A word of warning: I have no background in algebraic geometry, so please excuse my ignorance. References welcome (but please refrain from saying things like "read Hartshorne's Algebraic Geometry, it is explained in there somewhere" — this would not be particularly helpful.)
Let $k$ be an algebraically closed field and $n\in \mathbb{N}$. Consider the affine algebraic $S$ set given by points $(c_{i,j}^p)\in k^{n^3}$ (for $1\leq i,j,p\leq n$) that satisfy $$\sum_{p}c_{ij}^pc_{p,m}^t=\sum _{t}c_{i,p}^t c_{j,m}^p$$ for all $1\leq i,j,m\leq n$.
In these notes on page 17, Kontsevich and Soibelman claim that this affine algebraic set is an algebraic variety. There seem to be different conventions around: According to wikipedia some people mean by an algebraic variety an irreducible one, some do not require irreducibility.
- What do the authors mean by the term algebraic variety? Or rather how would one verify irreducibility in this context?

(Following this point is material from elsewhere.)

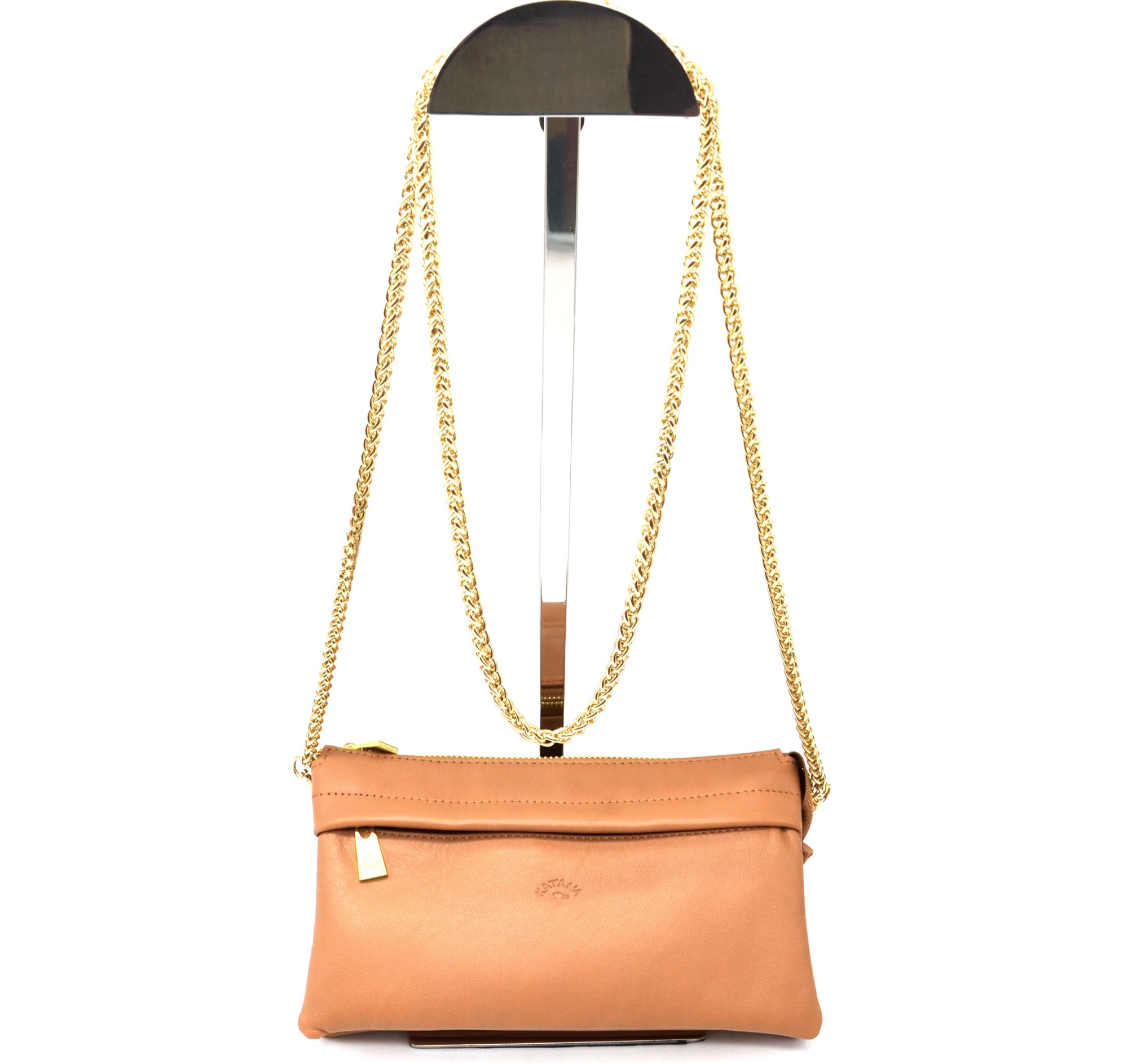 Hdb01 Pochette Sac Cuir De Vachette Camel Avec Chaine Bandouliere Et Fermetures Zip Metal Dore Oh My Shop

Let $(A,\mu)$ be an $n$-dimensional $k$-vector space, for $n\in \mathbb{N}$. Choose a basis $(e_i)_{1\leq i\leq n}$ of $A$. The above algebraic variety can be seen as the variety of structure constants of associative products on the vector space $A$. In particular, we can view the associative algebra $A$ with its structure constants $(c_{i,j}^p)$ (with respect to the basis $(e_i)_{1\leq i\leq n}$ of $A$) as a point in $S$. We have an action of the group $G=GL_k(A)$ on the set $S$ given by conjugation: By identifying the point $(c_{i,j}^p)\in S$ with an element in $\{f\in\operatorname{Hom}_k(A\otimes_k A,A)\ \vert \ f \text{ associative}\}$ by viewing it as the structure constants of an associative multiplication, we can define the action as $$\phi.f(a,b):=\phi(f(\phi^{-1}(a),\phi^{-1}(b))$$ for $a,b\in A$ and $\phi\in GL_k(A), f \in \{f\in\operatorname{Hom}_k(A\otimes_k A,A)\ \vert \ f \text{ associative}\}.$
- Now, $GL_n(A)$ is an algebraic group. Is the action just defined an algebraic $G$-action (that is, is the $G$-action map a morphism of varieties)?

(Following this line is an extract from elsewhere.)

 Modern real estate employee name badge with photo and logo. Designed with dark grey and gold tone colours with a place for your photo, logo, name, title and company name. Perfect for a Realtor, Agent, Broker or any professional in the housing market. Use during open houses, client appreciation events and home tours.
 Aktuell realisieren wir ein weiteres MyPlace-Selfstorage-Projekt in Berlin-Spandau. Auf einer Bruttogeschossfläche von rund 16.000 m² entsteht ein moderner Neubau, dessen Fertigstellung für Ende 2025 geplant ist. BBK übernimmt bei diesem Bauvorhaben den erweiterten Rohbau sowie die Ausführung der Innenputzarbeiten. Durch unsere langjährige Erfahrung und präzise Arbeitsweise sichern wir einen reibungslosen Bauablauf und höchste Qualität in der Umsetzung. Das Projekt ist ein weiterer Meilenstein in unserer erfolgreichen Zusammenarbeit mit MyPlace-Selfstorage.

Consider the orbit space $M=S/G$.
The authors write:
Let us consider the tangent space $T_{[A]}M$ at a given point $[A]=(A,(c_{i,j}^m))\in M$. For a one-parameter first-order deformation of an associative product we can write $c_{i,j}^m(h)=c_{i,j}^m+ \tilde{c}_{i,j}^mh+O(h^2).$
- What notion of tangent space is meant here? I have read on the Zariski tangent space of an algebraic variety, but here $M$ is a quotient space; and I don't know why I should expect it to be an algebraic variety again.